Is Your Social Media Measurement Strategy Sustainable and Ethical?
On May 25th, GDPR officially went into effect and overhauled privacy laws with new consumer protections. And while this is an EU law, all cross-border companies gathering and analyzing data must also be compliant.
Particularly in the current industry climate, businesses need to be hypervigilant and prepared for what may unleash both greater consumer concern and greater legislative scrutiny over the data collection practices of brands, agencies and publishers. Therefore, we need to proactively define best practices our industry can adhere to when it comes to social media measurement and insights.
First ask yourself: how are we conducting business and are we comfortable with both what is being collected and how it is being collected?
Just as many consumers want to know about the ingredients in their food and whether it’s ethically sourced, they will also want to know the what and how of what we do.
Here are four recommendations:
1. Realize it’s not just a Facebook problem
According to Shareablee’s State of Social Media, consumers engaged with branded content 73 billion times across Facebook, Twitter and Instagram – and that’s only in the US in 2017 alone. So, the privacy focus is on Facebook these days, your social media strategy re-evaluation should not solely hinge on The Social Network.
What happened on Facebook could just as easily happen to Twitter, Instagram (owned by Facebook), YouTube or other platforms – and already is in some capacity.
2. Understand the difference between Counting Vs. Creating and the data related
A common mistake is to confuse the kind of data which counts things, with the kind of data that creates things.
These couldn’t be more different. In general, the Counting datasets will be anonymized, measurement focused, aggregated and less subject to the perils of personally identifiable information (although you still need to understand collection methodologies and be wary of non-compliant tactics such as scraping).

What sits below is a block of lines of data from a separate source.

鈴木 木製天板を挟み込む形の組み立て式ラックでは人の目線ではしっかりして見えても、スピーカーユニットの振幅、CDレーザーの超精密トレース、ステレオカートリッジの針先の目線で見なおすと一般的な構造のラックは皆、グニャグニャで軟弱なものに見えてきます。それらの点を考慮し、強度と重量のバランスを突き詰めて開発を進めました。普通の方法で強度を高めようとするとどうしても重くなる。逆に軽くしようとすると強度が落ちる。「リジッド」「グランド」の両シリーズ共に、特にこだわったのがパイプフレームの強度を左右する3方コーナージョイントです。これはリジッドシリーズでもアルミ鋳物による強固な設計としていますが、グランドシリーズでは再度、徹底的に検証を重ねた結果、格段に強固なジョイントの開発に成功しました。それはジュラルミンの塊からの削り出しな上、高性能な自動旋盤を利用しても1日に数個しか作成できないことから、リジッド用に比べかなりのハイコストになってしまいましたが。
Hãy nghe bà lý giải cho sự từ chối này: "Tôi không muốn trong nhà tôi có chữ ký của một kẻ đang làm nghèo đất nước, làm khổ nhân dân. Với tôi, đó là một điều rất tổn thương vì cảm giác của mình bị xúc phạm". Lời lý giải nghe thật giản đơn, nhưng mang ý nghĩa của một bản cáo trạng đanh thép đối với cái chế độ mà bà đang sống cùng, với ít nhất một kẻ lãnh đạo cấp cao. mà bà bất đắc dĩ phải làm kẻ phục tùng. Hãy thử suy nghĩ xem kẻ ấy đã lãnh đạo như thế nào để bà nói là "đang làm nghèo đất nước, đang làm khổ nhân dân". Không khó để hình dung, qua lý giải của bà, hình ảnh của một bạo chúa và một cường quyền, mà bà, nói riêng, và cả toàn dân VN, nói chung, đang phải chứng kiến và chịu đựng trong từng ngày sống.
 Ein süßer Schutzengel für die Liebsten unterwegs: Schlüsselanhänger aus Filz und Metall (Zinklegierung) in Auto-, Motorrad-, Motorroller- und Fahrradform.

In the Counting bucket, there are two parts – the “How Many” and the “How Good”:
- The “How Many” defines things like how many people saw my brand’s campaign and how many times they saw it. This includes: unique engagements and total audience reach; total impressions, clicks or actions (Likes, Reactions, Shares, Retweets, Comments, Retweets); and measures of cross platform scale achieved in comparison to competitive benchmarks.
- The “How Good” is where we plug in attitudinal and behavioral metrics, which measure how effective all those impressions, views, interactions, etc. were in terms of achieving the brand’s campaign objectives. Examples of this are whether the brand’s campaign reached the right people, whether it changed attitudes, increased awareness, solidified a position, created intent to purchase or doubt. Any of the true move-the-needle metrics.

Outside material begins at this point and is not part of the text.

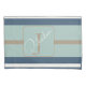 Funda De Cojín Personalized Blue Mint Tan Stripe Monogram Coastal
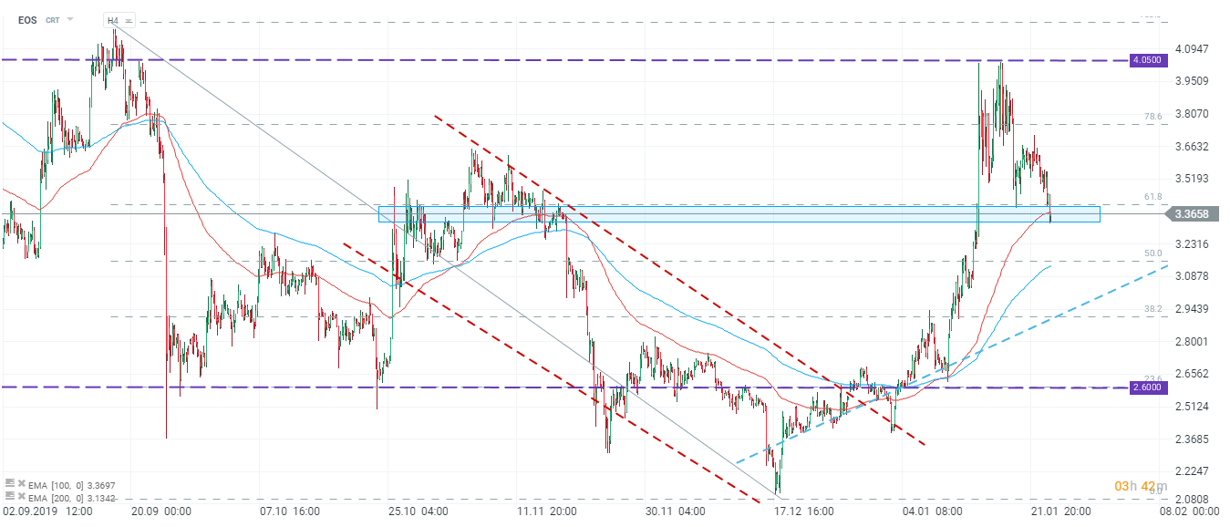 EOS also took a dive amid Bitcoin depreciation. The altcoin has lost around 15% in value since the beginning of a week. Price is attempting to break below support ranging around 61.8% Fibo level at press time. Should it break lower, 200-period moving average could be the next target for sellers. The final support level is localized at 2.60 USD. The nearest resistance can be found at the recent peak of 4.05 USD. However, as the altcoin is showing clear downtrend structure with lower lows and lower highs, looking for a long position could be a risky play.

Creating is where insights can really spring revolutionary ideas out of the box – these are the “Who I Am” and “What Drives Me” data points or non-demographic segmentation data that consist of values, attitudes and lifestyle information. This dataset is by far the more sensitive and prone to questionable practices and methodologies as was recently evidenced, so you need to:
3. Know where your data is coming from: Ethically sourcing
Brands need to be vigilant and transparent in their collection of data – and above all, stay consistent with their interactions with consumers.

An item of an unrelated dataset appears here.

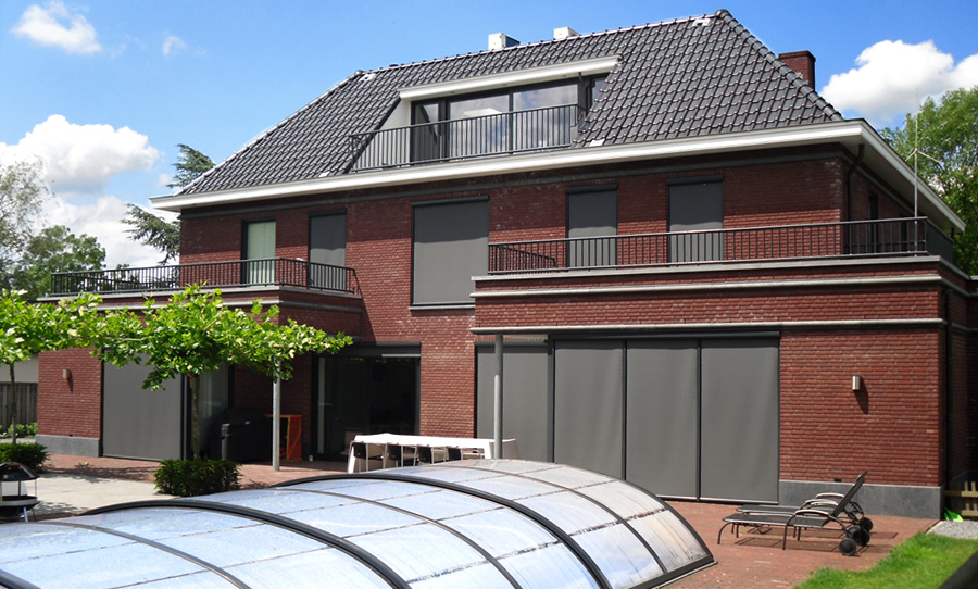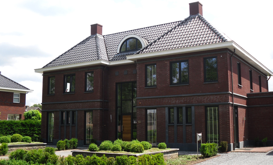 De villa heeft een klassiek Amerikaanse uitstraling met flauwe dakhellingen en grote

How do you make sure your data is being collected honestly? Collect via publicly available or visible information – not from messaging, private pages or private conversations. Use data that’s collected directly from an opt-in, like a panel (not a sign up for a game, which is unconnected). Stay away from having one consumer opt-in another consumer’s data, either directly or indirectly, and make sure that the reason a consumer has agreed to give you their data is in fact the way that you are using the data (if someone signs up for a health app, they can’t inadvertently be joining a research panel).
Normally consumers don’t think about the usage of their data until after something breaks, and then the scrutiny unfolds. Be sure to check your methodologies regularly.
Think WWMCW: What would my customer want? And since every one of us is a customer, take off your brand hat and don your customer one. Would you be ok with what you are collecting, storing, asking and doing with the information?
4. Brush up on your Ts & Cs
We need to dive back in to those endless, but necessary, Terms and Conditions pages and actually read the fine print from a customer perspective.
Make sure you’re acting for the collective good, and that you’re not in danger of losing consumer trust through jargon or overly complicated language.
A recent study by the University of Pennsylvania, titled “The Tradeoff Fallacy“, stated that consumers are “resigned to give away their information” because they feel powerless to stop the collection of it, but are not all right with losing control over their information. Large percentages of them disagree with trading information or shopping habits, even for discounts or other incentives.
Measure your success
Measure success not only by how your brand is performing, but also against your category competitors for optimal results. Measure content types – by platform and by market. Establish different times of day and week combinations to get a solid overview of how your data is trending at different points in time.
Brands who hold themselves to a higher standard in respect to data collection will earn greater trust from their customers. Research should be about quality and insight, not quick fixes.
If someone claims they have something no one else has, verify, verify, verify. Get involved in the data that powers your business decisions and represents your brand.
Social media gives us unparalleled access to new customers insights – but that’s a privilege, not a right. Let’s make sure we act accordingly.